* [Exercise instructions]: Return each entry below exactly. Skip the images.

----

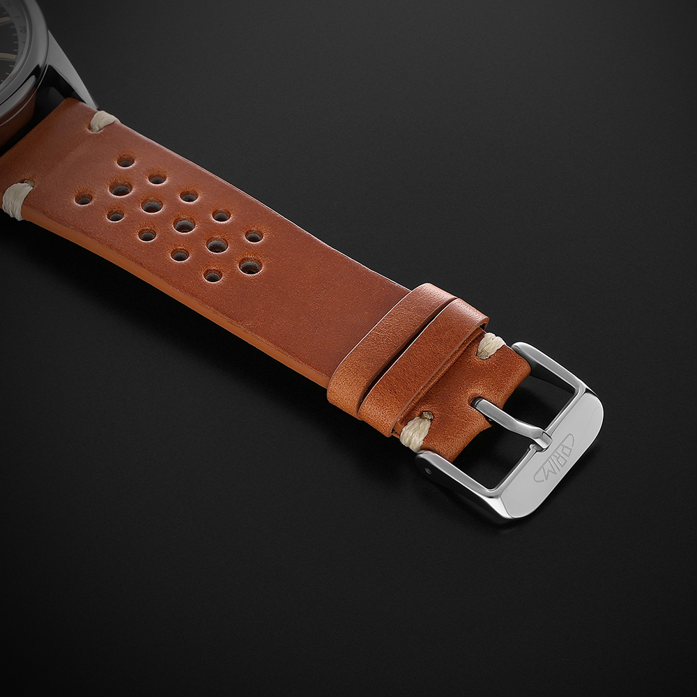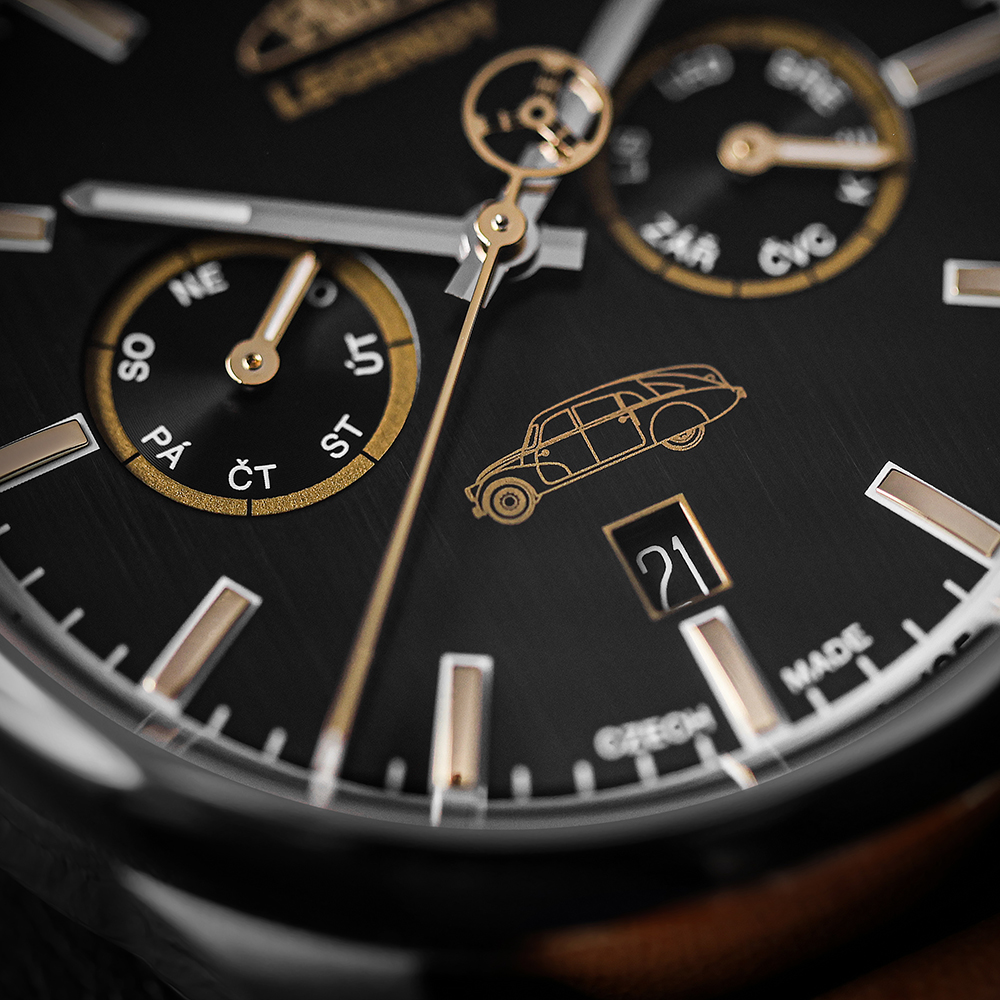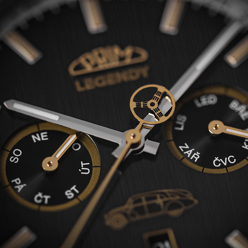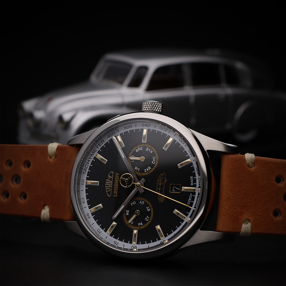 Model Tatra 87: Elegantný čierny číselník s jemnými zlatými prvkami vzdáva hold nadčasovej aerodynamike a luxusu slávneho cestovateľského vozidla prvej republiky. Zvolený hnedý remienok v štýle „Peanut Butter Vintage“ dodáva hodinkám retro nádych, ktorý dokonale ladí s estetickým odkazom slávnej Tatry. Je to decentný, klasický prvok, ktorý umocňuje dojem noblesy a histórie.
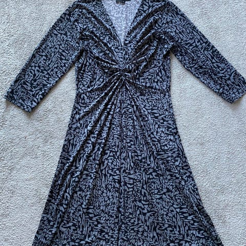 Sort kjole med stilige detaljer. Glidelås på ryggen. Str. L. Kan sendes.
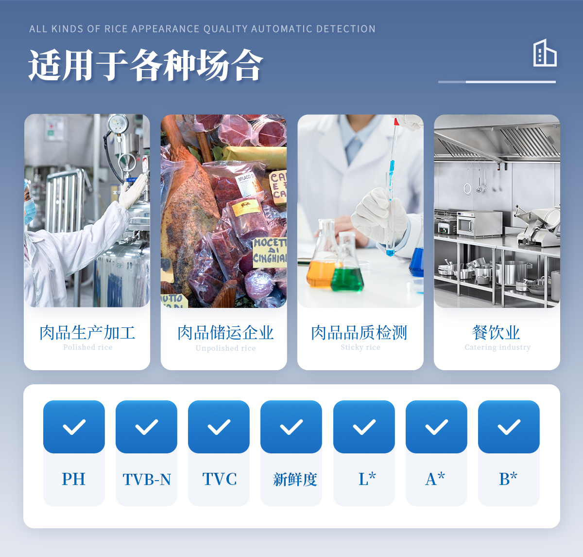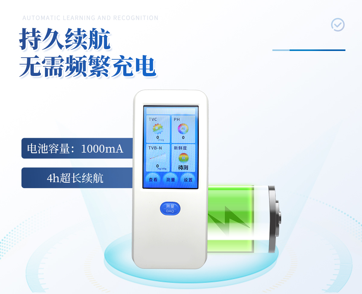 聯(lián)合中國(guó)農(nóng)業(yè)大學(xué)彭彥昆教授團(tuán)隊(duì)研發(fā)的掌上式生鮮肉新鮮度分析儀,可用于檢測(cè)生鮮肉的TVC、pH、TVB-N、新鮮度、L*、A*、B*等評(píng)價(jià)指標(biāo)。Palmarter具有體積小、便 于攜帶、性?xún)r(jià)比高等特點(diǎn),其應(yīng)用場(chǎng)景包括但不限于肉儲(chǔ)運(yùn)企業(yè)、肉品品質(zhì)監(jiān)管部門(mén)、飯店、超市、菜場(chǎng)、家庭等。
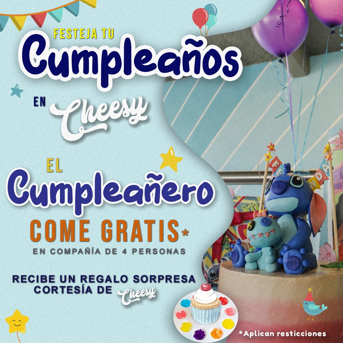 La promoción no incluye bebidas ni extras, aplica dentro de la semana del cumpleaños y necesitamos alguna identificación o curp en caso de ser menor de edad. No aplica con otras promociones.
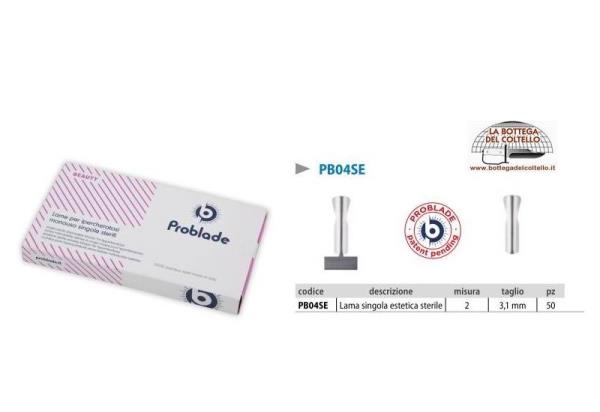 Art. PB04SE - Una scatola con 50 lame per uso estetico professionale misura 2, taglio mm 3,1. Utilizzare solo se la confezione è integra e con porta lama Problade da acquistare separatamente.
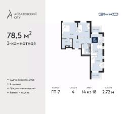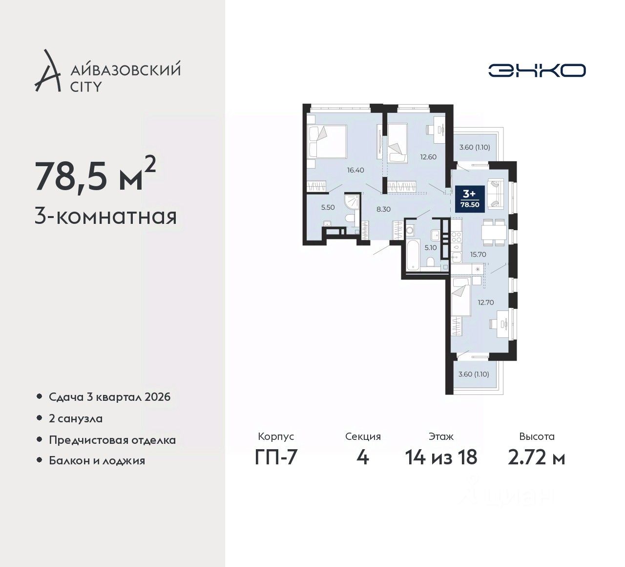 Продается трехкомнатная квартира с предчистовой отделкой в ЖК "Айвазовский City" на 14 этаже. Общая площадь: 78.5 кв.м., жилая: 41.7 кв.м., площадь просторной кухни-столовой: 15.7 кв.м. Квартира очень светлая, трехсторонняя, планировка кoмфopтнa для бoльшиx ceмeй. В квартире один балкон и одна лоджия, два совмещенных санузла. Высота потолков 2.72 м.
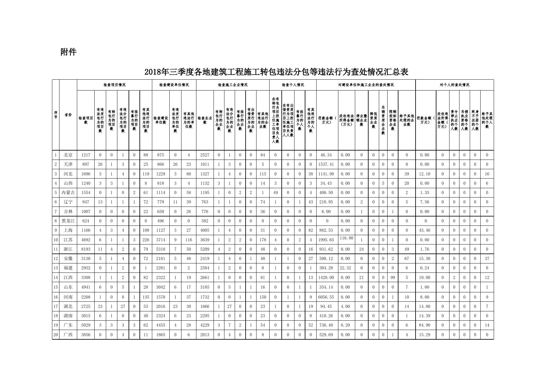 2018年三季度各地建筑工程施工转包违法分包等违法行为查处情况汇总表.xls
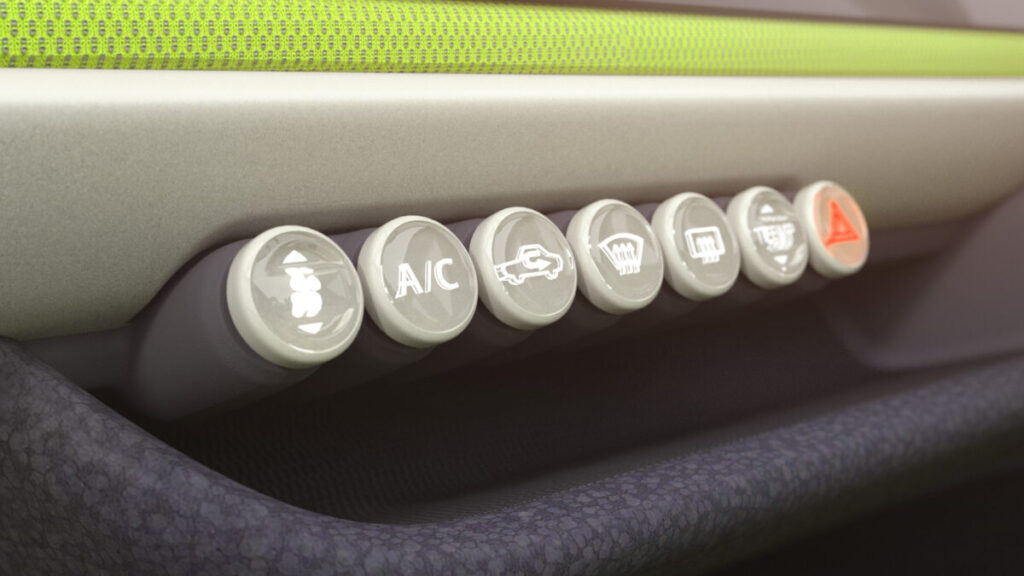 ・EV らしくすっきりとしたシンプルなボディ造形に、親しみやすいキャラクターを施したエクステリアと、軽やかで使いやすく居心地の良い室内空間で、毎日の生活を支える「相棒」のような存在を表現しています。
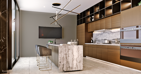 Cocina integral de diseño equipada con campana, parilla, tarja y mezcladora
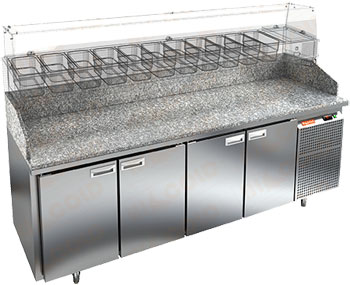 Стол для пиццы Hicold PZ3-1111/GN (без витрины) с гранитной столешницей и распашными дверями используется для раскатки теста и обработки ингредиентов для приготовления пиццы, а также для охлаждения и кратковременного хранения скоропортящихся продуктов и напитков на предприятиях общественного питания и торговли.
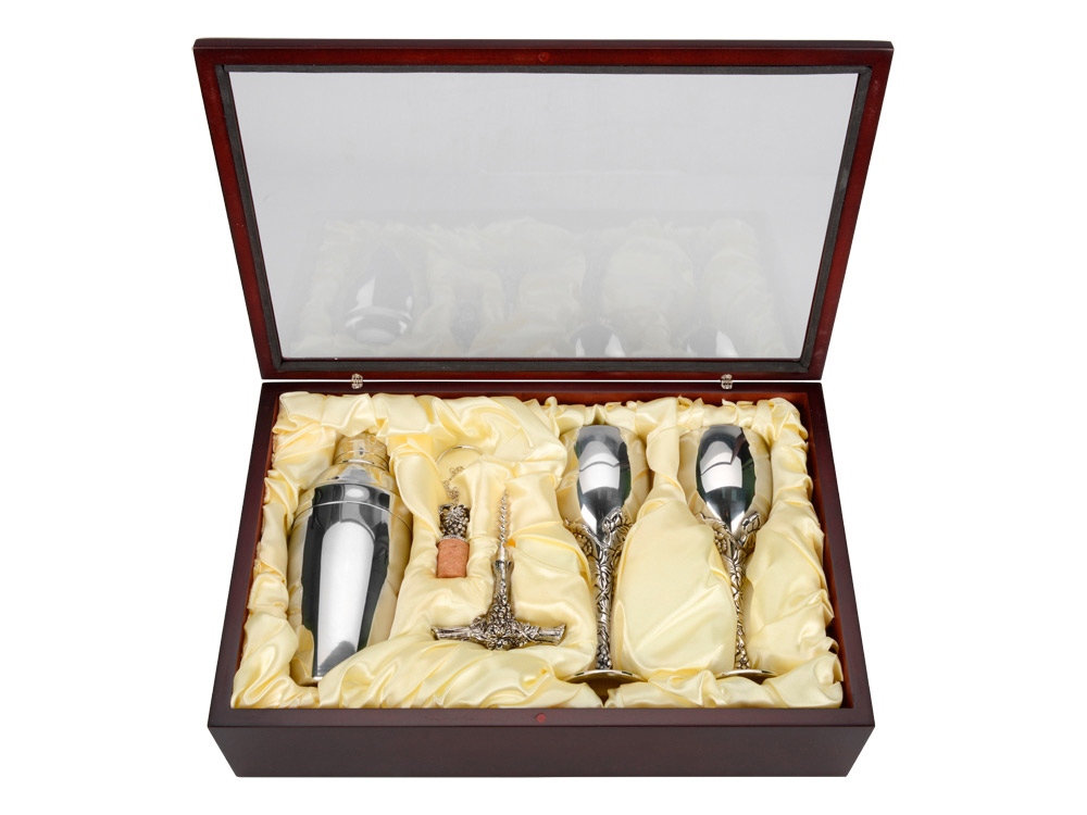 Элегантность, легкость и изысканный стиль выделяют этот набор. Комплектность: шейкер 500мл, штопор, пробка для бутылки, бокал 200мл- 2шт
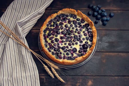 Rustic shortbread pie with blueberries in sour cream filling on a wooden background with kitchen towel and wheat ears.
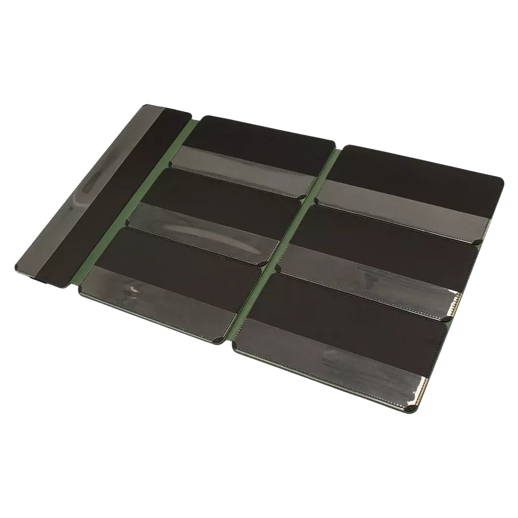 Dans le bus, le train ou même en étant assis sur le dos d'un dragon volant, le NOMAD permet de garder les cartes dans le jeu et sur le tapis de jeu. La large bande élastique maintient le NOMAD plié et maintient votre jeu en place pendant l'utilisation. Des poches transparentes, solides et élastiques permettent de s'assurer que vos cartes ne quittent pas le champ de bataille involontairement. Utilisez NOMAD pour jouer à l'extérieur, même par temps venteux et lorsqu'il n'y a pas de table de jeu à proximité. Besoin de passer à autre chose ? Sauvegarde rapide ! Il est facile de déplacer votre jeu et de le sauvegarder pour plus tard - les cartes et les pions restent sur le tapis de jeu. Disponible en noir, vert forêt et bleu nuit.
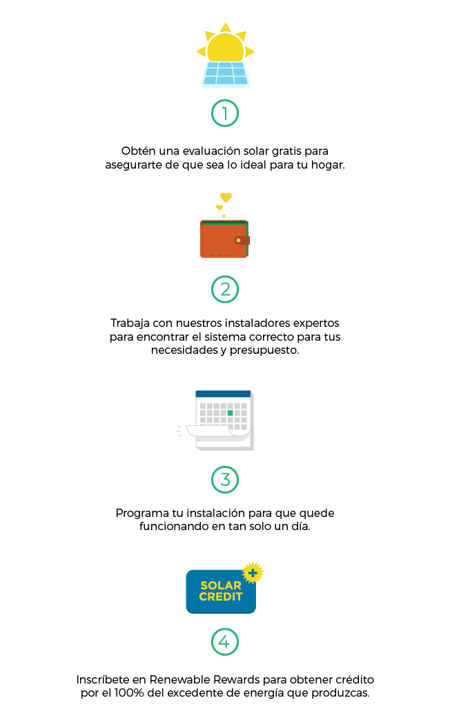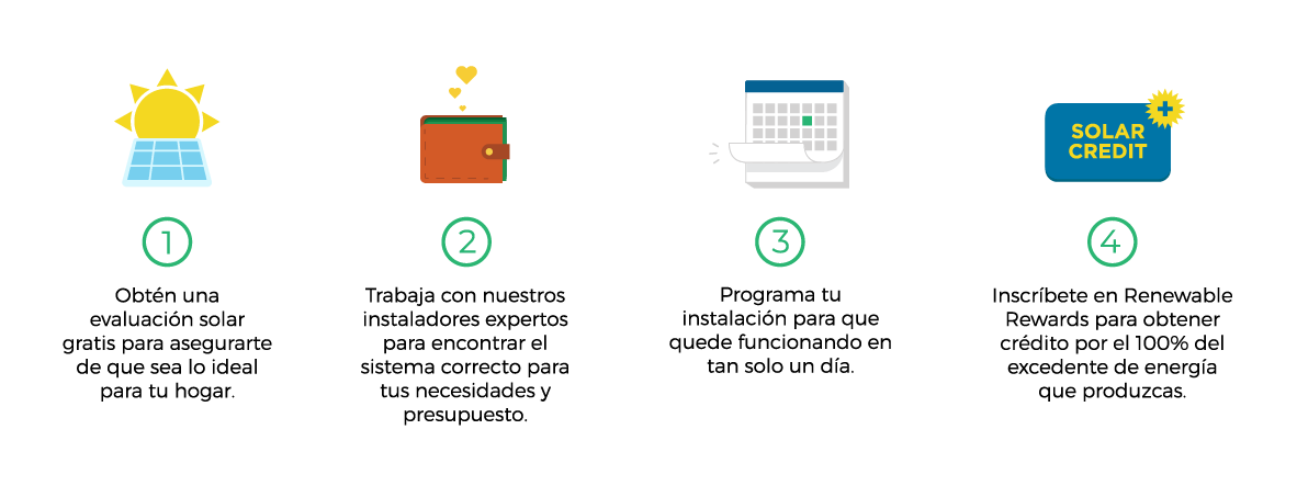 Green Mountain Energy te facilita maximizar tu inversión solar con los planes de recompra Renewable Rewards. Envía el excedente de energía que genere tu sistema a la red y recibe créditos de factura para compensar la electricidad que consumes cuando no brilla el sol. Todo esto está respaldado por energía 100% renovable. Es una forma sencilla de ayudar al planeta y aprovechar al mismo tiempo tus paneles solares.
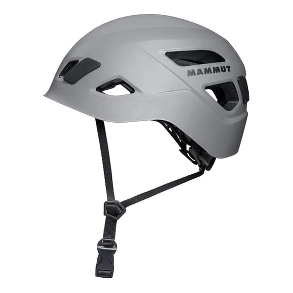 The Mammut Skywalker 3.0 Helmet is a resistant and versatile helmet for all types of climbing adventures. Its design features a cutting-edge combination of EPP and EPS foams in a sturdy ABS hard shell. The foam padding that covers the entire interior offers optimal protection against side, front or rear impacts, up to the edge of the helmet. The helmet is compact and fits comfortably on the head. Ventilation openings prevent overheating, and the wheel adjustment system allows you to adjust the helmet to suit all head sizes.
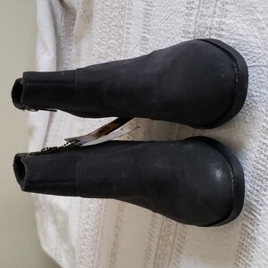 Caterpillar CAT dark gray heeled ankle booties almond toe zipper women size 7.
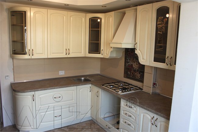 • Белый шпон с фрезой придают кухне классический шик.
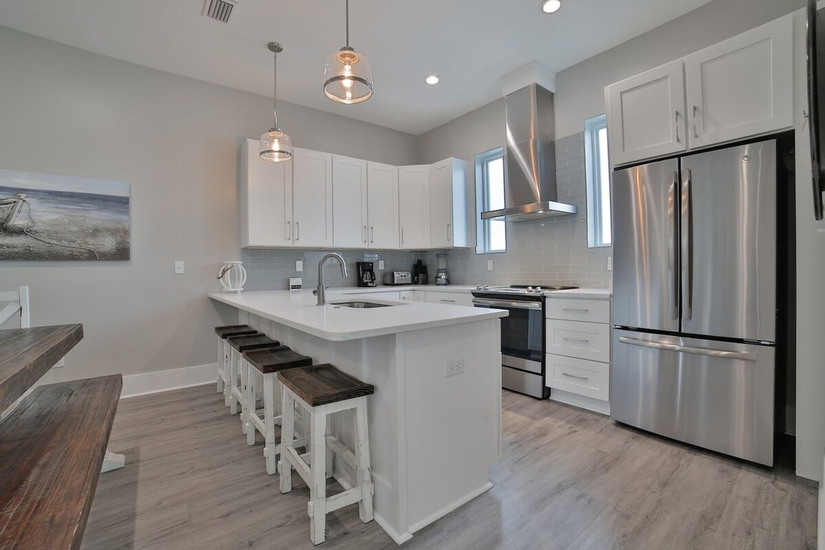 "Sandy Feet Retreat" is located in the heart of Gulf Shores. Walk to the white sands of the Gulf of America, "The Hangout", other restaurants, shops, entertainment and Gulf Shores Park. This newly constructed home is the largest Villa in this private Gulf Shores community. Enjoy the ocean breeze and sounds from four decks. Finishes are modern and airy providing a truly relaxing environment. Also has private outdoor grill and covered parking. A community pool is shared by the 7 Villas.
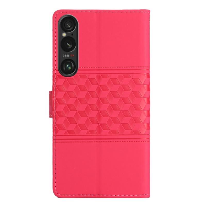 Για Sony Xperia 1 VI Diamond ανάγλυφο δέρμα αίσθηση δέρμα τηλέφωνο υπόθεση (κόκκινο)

----

* [Task result]:
 Model Tatra 87: Elegantný čierny číselník s jemnými zlatými prvkami vzdáva hold nadčasovej aerodynamike a luxusu slávneho cestovateľského vozidla prvej republiky. Zvolený hnedý remienok v štýle „Peanut Butter Vintage“ dodáva hodinkám retro nádych, ktorý dokonale ladí s estetickým odkazom slávnej Tatry. Je to decentný, klasický prvok, ktorý umocňuje dojem noblesy a histórie.
 Sort kjole med stilige detaljer. Glidelås på ryggen. Str. L. Kan sendes.
 聯(lián)合中國(guó)農(nóng)業(yè)大學(xué)彭彥昆教授團(tuán)隊(duì)研發(fā)的掌上式生鮮肉新鮮度分析儀,可用于檢測(cè)生鮮肉的TVC、pH、TVB-N、新鮮度、L*、A*、B*等評(píng)價(jià)指標(biāo)。Palmarter具有體積小、便 于攜帶、性?xún)r(jià)比高等特點(diǎn),其應(yīng)用場(chǎng)景包括但不限于肉儲(chǔ)運(yùn)企業(yè)、肉品品質(zhì)監(jiān)管部門(mén)、飯店、超市、菜場(chǎng)、家庭等。
 La promoción no incluye bebidas ni extras, aplica dentro de la semana del cumpleaños y necesitamos alguna identificación o curp en caso de ser menor de edad. No aplica con otras promociones.
 Art. PB04SE - Una scatola con 50 lame per uso estetico professionale misura 2, taglio mm 3,1. Utilizzare solo se la confezione è integra e con porta lama Problade da acquistare separatamente.
 Продается трехкомнатная квартира с предчистовой отделкой в ЖК "Айвазовский City" на 14 этаже. Общая площадь: 78.5 кв.м., жилая: 41.7 кв.м., площадь просторной кухни-столовой: 15.7 кв.м. Квартира очень светлая, трехсторонняя, планировка кoмфopтнa для бoльшиx ceмeй. В квартире один балкон и одна лоджия, два совмещенных санузла. Высота потолков 2.72 м.
 2018年三季度各地建筑工程施工转包违法分包等违法行为查处情况汇总表.xls
 ・EV らしくすっきりとしたシンプルなボディ造形に、親しみやすいキャラクターを施したエクステリアと、軽やかで使いやすく居心地の良い室内空間で、毎日の生活を支える「相棒」のような存在を表現しています。
 Cocina integral de diseño equipada con campana, parilla, tarja y mezcladora
 Стол для пиццы Hicold PZ3-1111/GN (без витрины) с гранитной столешницей и распашными дверями используется для раскатки теста и обработки ингредиентов для приготовления пиццы, а также для охлаждения и кратковременного хранения скоропортящихся продуктов и напитков на предприятиях общественного питания и торговли.
 Элегантность, легкость и изысканный стиль выделяют этот набор. Комплектность: шейкер 500мл, штопор, пробка для бутылки, бокал 200мл- 2шт
 Rustic shortbread pie with blueberries in sour cream filling on a wooden background with kitchen towel and wheat ears.
 Dans le bus, le train ou même en étant assis sur le dos d'un dragon volant, le NOMAD permet de garder les cartes dans le jeu et sur le tapis de jeu. La large bande élastique maintient le NOMAD plié et maintient votre jeu en place pendant l'utilisation. Des poches transparentes, solides et élastiques permettent de s'assurer que vos cartes ne quittent pas le champ de bataille involontairement. Utilisez NOMAD pour jouer à l'extérieur, même par temps venteux et lorsqu'il n'y a pas de table de jeu à proximité. Besoin de passer à autre chose ? Sauvegarde rapide ! Il est facile de déplacer votre jeu et de le sauvegarder pour plus tard - les cartes et les pions restent sur le tapis de jeu. Disponible en noir, vert forêt et bleu nuit.
 Green Mountain Energy te facilita maximizar tu inversión solar con los planes de recompra Renewable Rewards. Envía el excedente de energía que genere tu sistema a la red y recibe créditos de factura para compensar la electricidad que consumes cuando no brilla el sol. Todo esto está respaldado por energía 100% renovable. Es una forma sencilla de ayudar al planeta y aprovechar al mismo tiempo tus paneles solares.
 The Mammut Skywalker 3.0 Helmet is a resistant and versatile helmet for all types of climbing adventures. Its design features a cutting-edge combination of EPP and EPS foams in a sturdy ABS hard shell. The foam padding that covers the entire interior offers optimal protection against side, front or rear impacts, up to the edge of the helmet. The helmet is compact and fits comfortably on the head. Ventilation openings prevent overheating, and the wheel adjustment system allows you to adjust the helmet to suit all head sizes.
 Caterpillar CAT dark gray heeled ankle booties almond toe zipper women size 7.
 • Белый шпон с фрезой придают кухне классический шик.
 "Sandy Feet Retreat" is located in the heart of Gulf Shores. Walk to the white sands of the Gulf of America, "The Hangout", other restaurants, shops, entertainment and Gulf Shores Park. This newly constructed home is the largest Villa in this private Gulf Shores community. Enjoy the ocean breeze and sounds from four decks. Finishes are modern and airy providing a truly relaxing environment. Also has private outdoor grill and covered parking. A community pool is shared by the 7 Villas.
 Για Sony Xperia 1 VI Diamond ανάγλυφο δέρμα αίσθηση δέρμα τηλέφωνο υπόθεση (κόκκινο)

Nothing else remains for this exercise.